When you copy from the entries that follow, take only the lines from the one with "Poinsettia Focaccia Bread" down to the one with "香港侨友社成立44周年暨第1", keeping both ends and dropping every picture.

:: INFORMATION GIVEN

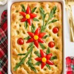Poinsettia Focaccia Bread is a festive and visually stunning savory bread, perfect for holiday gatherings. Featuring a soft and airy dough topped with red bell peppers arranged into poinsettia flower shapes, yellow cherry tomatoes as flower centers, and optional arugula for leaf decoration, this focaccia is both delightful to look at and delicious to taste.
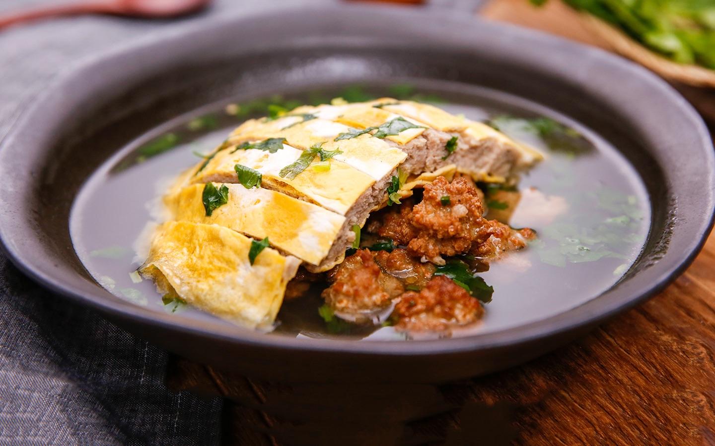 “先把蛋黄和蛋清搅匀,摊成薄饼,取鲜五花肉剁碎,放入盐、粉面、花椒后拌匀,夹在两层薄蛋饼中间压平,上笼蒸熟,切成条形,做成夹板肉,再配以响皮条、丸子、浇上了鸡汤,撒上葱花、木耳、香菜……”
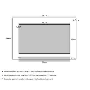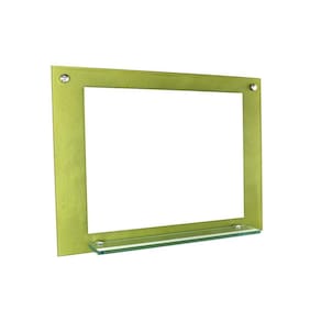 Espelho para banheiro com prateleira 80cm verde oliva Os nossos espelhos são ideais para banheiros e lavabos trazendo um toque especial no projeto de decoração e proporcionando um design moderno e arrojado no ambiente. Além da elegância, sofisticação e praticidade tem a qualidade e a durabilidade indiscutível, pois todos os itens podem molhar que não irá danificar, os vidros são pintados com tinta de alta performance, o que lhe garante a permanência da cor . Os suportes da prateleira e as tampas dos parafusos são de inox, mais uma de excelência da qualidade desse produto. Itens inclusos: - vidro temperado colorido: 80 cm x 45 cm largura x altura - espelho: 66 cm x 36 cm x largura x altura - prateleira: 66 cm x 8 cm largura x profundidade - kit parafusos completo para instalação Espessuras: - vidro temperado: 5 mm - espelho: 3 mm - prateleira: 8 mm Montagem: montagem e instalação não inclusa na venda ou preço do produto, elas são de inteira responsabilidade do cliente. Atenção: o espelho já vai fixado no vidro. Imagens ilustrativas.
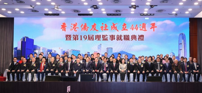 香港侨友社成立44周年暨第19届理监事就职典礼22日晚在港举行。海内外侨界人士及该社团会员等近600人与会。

::::
:: INFORMATION GIVEN

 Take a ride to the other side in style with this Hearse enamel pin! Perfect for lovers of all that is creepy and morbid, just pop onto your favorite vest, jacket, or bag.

::::

:: REPLY TO THE EXERCISE ::
Poinsettia Focaccia Bread is a festive and visually stunning savory bread, perfect for holiday gatherings. Featuring a soft and airy dough topped with red bell peppers arranged into poinsettia flower shapes, yellow cherry tomatoes as flower centers, and optional arugula for leaf decoration, this focaccia is both delightful to look at and delicious to taste.
 “先把蛋黄和蛋清搅匀,摊成薄饼,取鲜五花肉剁碎,放入盐、粉面、花椒后拌匀,夹在两层薄蛋饼中间压平,上笼蒸熟,切成条形,做成夹板肉,再配以响皮条、丸子、浇上了鸡汤,撒上葱花、木耳、香菜……”
 Espelho para banheiro com prateleira 80cm verde oliva Os nossos espelhos são ideais para banheiros e lavabos trazendo um toque especial no projeto de decoração e proporcionando um design moderno e arrojado no ambiente. Além da elegância, sofisticação e praticidade tem a qualidade e a durabilidade indiscutível, pois todos os itens podem molhar que não irá danificar, os vidros são pintados com tinta de alta performance, o que lhe garante a permanência da cor . Os suportes da prateleira e as tampas dos parafusos são de inox, mais uma de excelência da qualidade desse produto. Itens inclusos: - vidro temperado colorido: 80 cm x 45 cm largura x altura - espelho: 66 cm x 36 cm x largura x altura - prateleira: 66 cm x 8 cm largura x profundidade - kit parafusos completo para instalação Espessuras: - vidro temperado: 5 mm - espelho: 3 mm - prateleira: 8 mm Montagem: montagem e instalação não inclusa na venda ou preço do produto, elas são de inteira responsabilidade do cliente. Atenção: o espelho já vai fixado no vidro. Imagens ilustrativas.
 香港侨友社成立44周年暨第19届理监事就职典礼22日晚在港举行。海内外侨界人士及该社团会员等近600人与会。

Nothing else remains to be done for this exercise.